Emma Allerton respiró hondo y mantuvo el aire en los pulmones durante unos instantes. Era una mujer madura, de aspecto agradable aunque distante. Apenas había rozado la mano de Carter al saludarlo y ni siquiera lo había mirado cuando lo hizo. Soltó el aire lentamente y luego habló:

–Los últimos meses no han sido especialmente felices para esta casa, inspector. Thomas encontró que la escritura ya no fluía con tanta facilidad como lo hacía antes y eso nos afectó a todos. Se le agrió el carácter y nos hizo pagar una factura que no nos correspondía.

Carter, con un gesto, hizo ver a Emma que entendía lo que quería decir.

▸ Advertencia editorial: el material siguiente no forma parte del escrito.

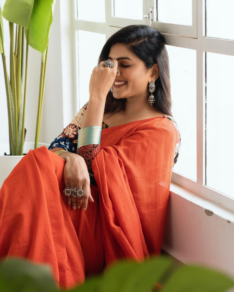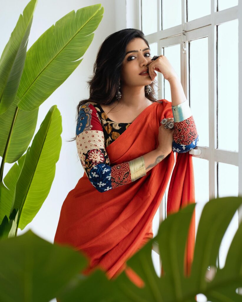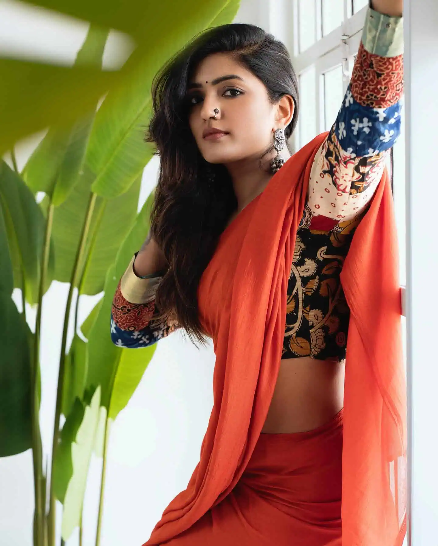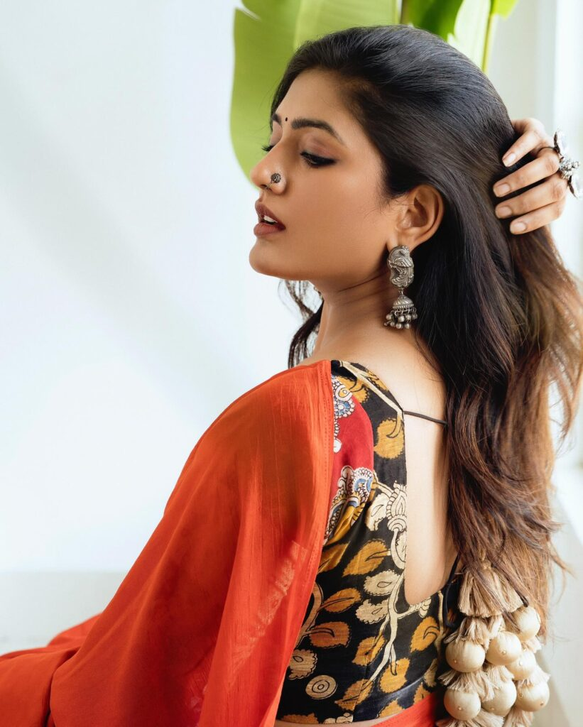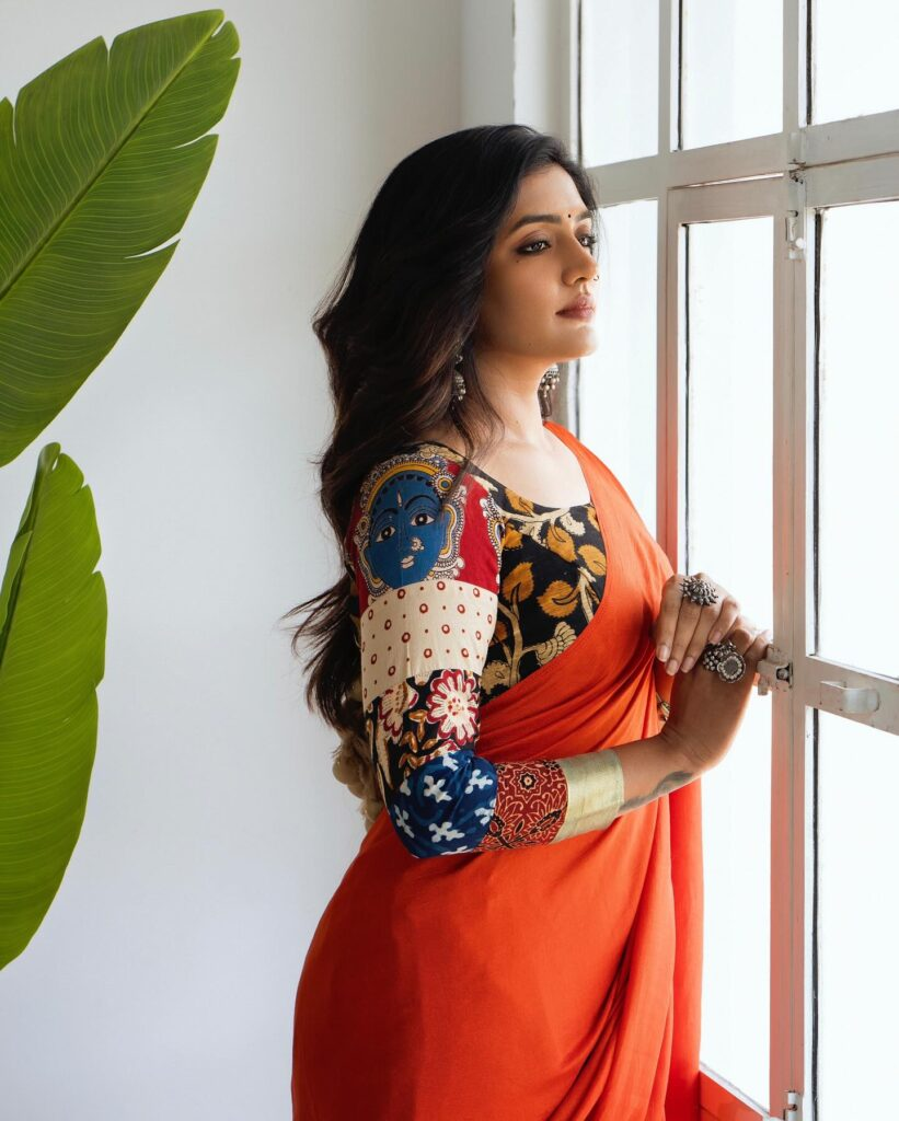 Sunshine is emanating from eesha rebba in her most recent photo shoot! The actress wore a vivid orange saree that wonderfully fitted her contours instead of the typical pastel colours. However, it was the blouse that truly stole the show. The long sleeves featured elaborate motifs in a riot of colours that gave a whimsical touch to the sophisticated drape. With a seductive nose ring, jaw-enhancing jhumkas, and a crimson lipstick that contrasted with her glossy makeup, eesha further amplified her glam factor.

–Mi marido había fracasado estrepitosamente. Sería inútil intentar suavizar el hecho con palabras que lo disfrazaran. Las ventas bajaron –dijo la mujer agitando las manos, como si quisiera ahuyentar un fantasma–, y Thomas fue incapaz de recuperar el genio creador de antaño. El editor lo puso entre la espada y la pared. Supongo que aquello saturó su capacidad para absorber la amargura por la que estaba pasando, porque amenazó con...

Carter enarcó una ceja y cometió un error de principiante al poner sus propias palabras en boca de un interrogado.

–¿Suicidarse?

Emma bajó los ojos.

–Dicen que los suicidas son cobardes y no quiero que usted piense eso de mi marido, inspector. No creo que Thomas se haya suicidado. No después de lo feliz que se sentía por su nueva novela. Estaba seguro de que con ella recuperaría el prestigio que le correspondía. Era un gran escritor.

–¿Y ese editor...?

–¿James? Le ha apretado bien las tuercas durante los últimos meses, pero es un buen amigo. Yo no se lo reprocho. En el fondo, eso es lo que tiene que hacer un editor, ¿no? –dijo Emma y clavó la mirada en los ojos de Carter en busca de su aprobación–, presionar al escritor hasta que recupere el espíritu creador.

Carter pensó que demasiada presión podría acabar matando la gallina de los huevos de oro, pero se abstuvo de decirlo en voz alta. Estaba dispuesto a considerar la idea del suicidio, aunque no rechazaría ninguna otra posibilidad. Por el momento, habría de esperar a que el informe del forense aclarase aquel punto, pero mientras tanto tenía un buen montón de tareas de las que ocuparse. La mañana se presentaba larga y, cuando abandonó la casa de los Allerton, ya sabía por dónde empezar.